"With this startling, exhilarating book of poems, which was first published in 1960, Sylvia Plath burst into literature with spectacular force. In such classics as 'The Beekeeper's Daughter,' 'The Disquieting Muses,' 'I Want, I Want,' and 'Full Fathom Five,' she writes about sows and skeletons, fathers and suicides, about the noisy imperatives of life and the chilly hunger for death. Graceful in their craftsmanship, wonderfully original in their imagery, and presenting layer after layer of meaning, the forty poems in The Colossus are early artifacts of genius that still possess the power to move, delight, and shock."
I'm not the greatest when it comes to reading or even understanding poetry, but I know that I love Sylvia Plath (or what I've read of her work so far) and so I decided to give her poetry a try.
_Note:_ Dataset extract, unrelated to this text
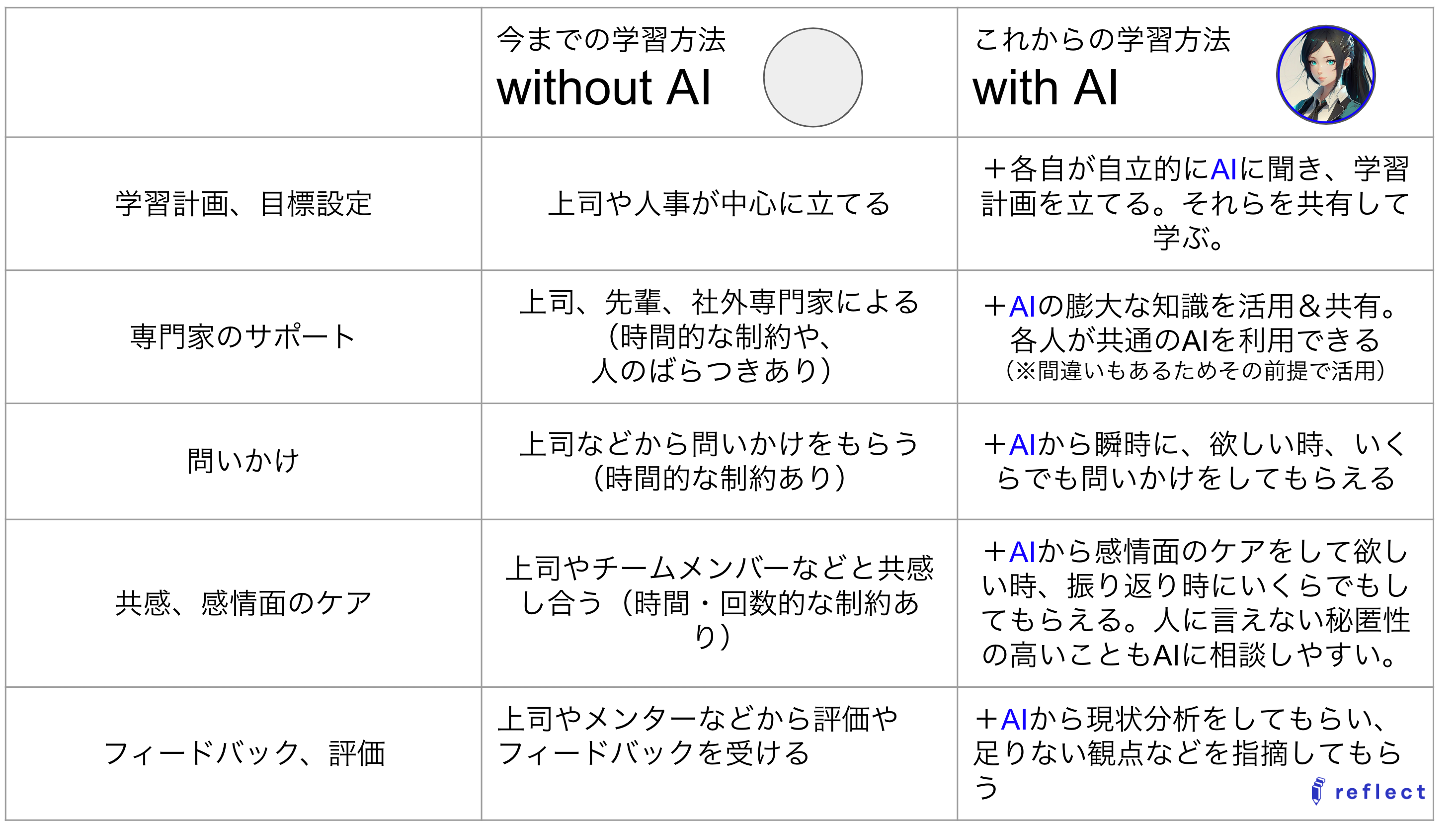 「with AI」の時代では、学習計画や目標設定において、上司や人事が中心に立てていたものが、各自が自立して学習計画や目標を設定することができるようになります。

I found that it was best to read Sylvia's work in chunks as opposed to one sitting. I felt like I could put in a decent effort to gain meaning for myself and also try and figure out what the words she used meant for her own life if I waited between a handful of poems. I would definitely recommend this approach.
The image that best sticks with me is the heart beat, I Am, I Am, I am as well as the tips of waves looking like knives. I don't know how she does it (well, how she did it) but the images she evokes are just so striking and you can't help but be taken in by what Sylvia is saying.
Someday I'll have to go through this book of poems again. I'd like to get a physical copy of my own so that I can write in it. This time, I was using my Nook (e-reader) and I was highlighting and typing in notes, but it's just not the same. I'll try books with my e-reader, but ultimately, I'd like them in my hand, if they're good.